Undertake gender-sensitive initiatives that address sexually transmitted diseases, HIV/AIDS, and sexual and reproductive health issues
Actions to be taken
108. By Governments, international bodies including relevant United Nations organizations, bilateral and multilateral donors and non-governmental organizations:
f. Facilitate the development of community strategies that will protect women of all ages from HIV and other sexually transmitted diseases; provide care and support to infected girls, women and their families and mobilize all parts of the community in response to the HIV/AIDS pandemic to exert pressure on all responsible authorities to respond in a timely, effective, sustainable and gender-sensitive manner;
g. Support and strengthen national capacity to create and improve gender-sensitive policies and programmes on HIV/AIDS and other sexually transmitted diseases, including the provision of resources and facilities to women who find themselves the principal caregivers or economic support for those infected with HIV/AIDS or affected by the pandemic, and the survivors, particularly children and older persons;
h. Provide workshops and specialized education and training to parents, decision makers and opinion leaders at all levels of the community, including religious and traditional authorities, on prevention of HIV/AIDS and other sexually transmitted diseases and on their repercussions on both women and men of all ages;
Beijing Declaration (1995)
The facilitation of the welfare of women and girls in the light of the, at the time, HIV/AIDS pandemic but which continues to be a problem for many people around the world. The building of locale-specific strategies for dealing with HIV/AIDS can be effective in the prevention of transmission and care, compassion, and concern through reduction of stigma for those infected with HIV/AIDS.

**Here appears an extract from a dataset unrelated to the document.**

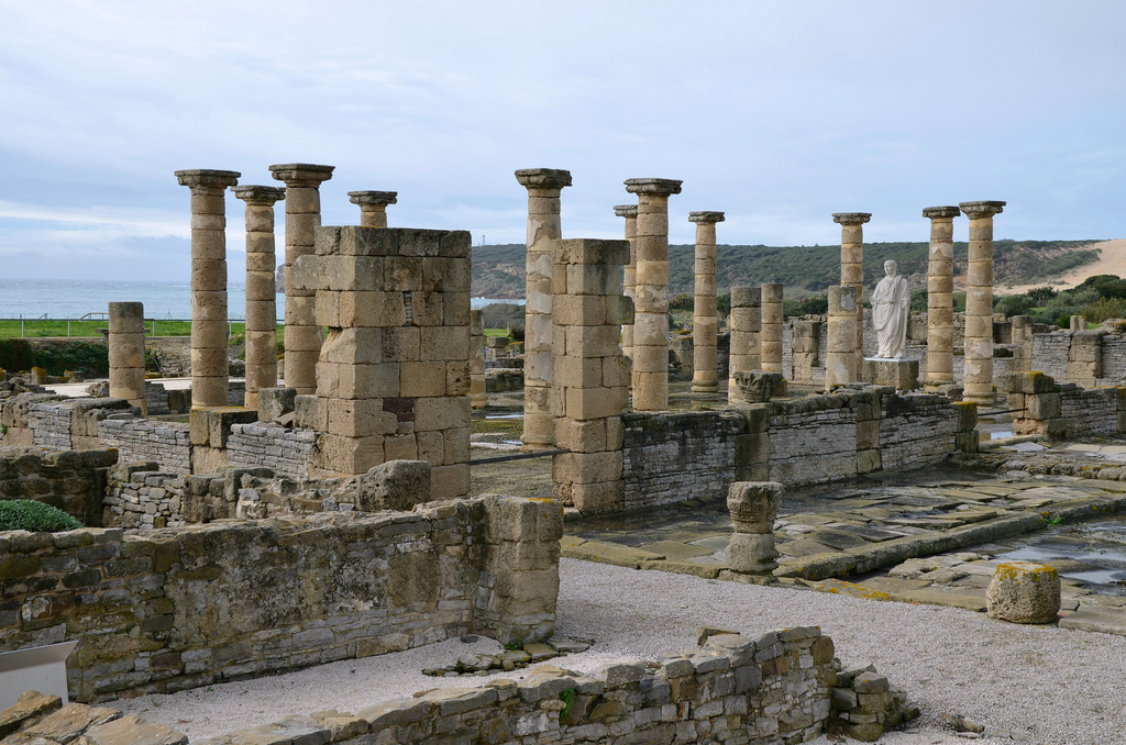 Baelo Claudia is an ancient Roman city lying on the shores of the Strait of Gibraltar in southern Spain. It was settled at the end of the 2nd century BC, and its history and subsequent development are closely associated with the salting industries and its maritime communication with North Africa. The ruins of Baelo Claudia, with its theatre, temples, forum and basilica, and especially its large fish-salting factory, testify to the city’s glory as an important and successful trading centre.

For those girls and women who have been infected, there is a call on the communities to act on this facilitation and work to prevent future occurrences of its spread through the population. Now, one of the issues plaguing is the spread of the diseases. But another layered one relates to institutions.
The culture, too, and the institutions have a lack of responsiveness to the needs of women and girls in regards to their health and wellness. This links into the section of the focus for this article today.
We can see the need to strengthen the national capacity of the gendered lens across institutions through their respective implementations of “policies and programmes” in relation to STIs and STDs. All important for the improved health and wellbeing of women.
In addition to this, we can see the developments of a spread in the caregiver responsibilities from mostly women to a more egalitarian split. Because the majority of the housework, childcare work, and the care of the old and sick sits firmly with women.
It is a burden thrust upon them unduly and unfairly. It is not from on high, or from down-low from some perspectives, but, rather, the conscious decisions of people in power and in culture to subordinate some of the most tedious caring work of the society to women. This can change with human decisions in a similar manner in which this has changed before.
Now, the educational aspect continues to crop up in the discussions in the Beijing Declaration. There is a continual need to focus on education because this remains one of the first forms of self-defence against lies and distortions as well as the mobilization around a common cause for gender equality, which is, 20 years after the Beijing Declaration, one of the Sustainable Development Goals set by the international community through the United Nations.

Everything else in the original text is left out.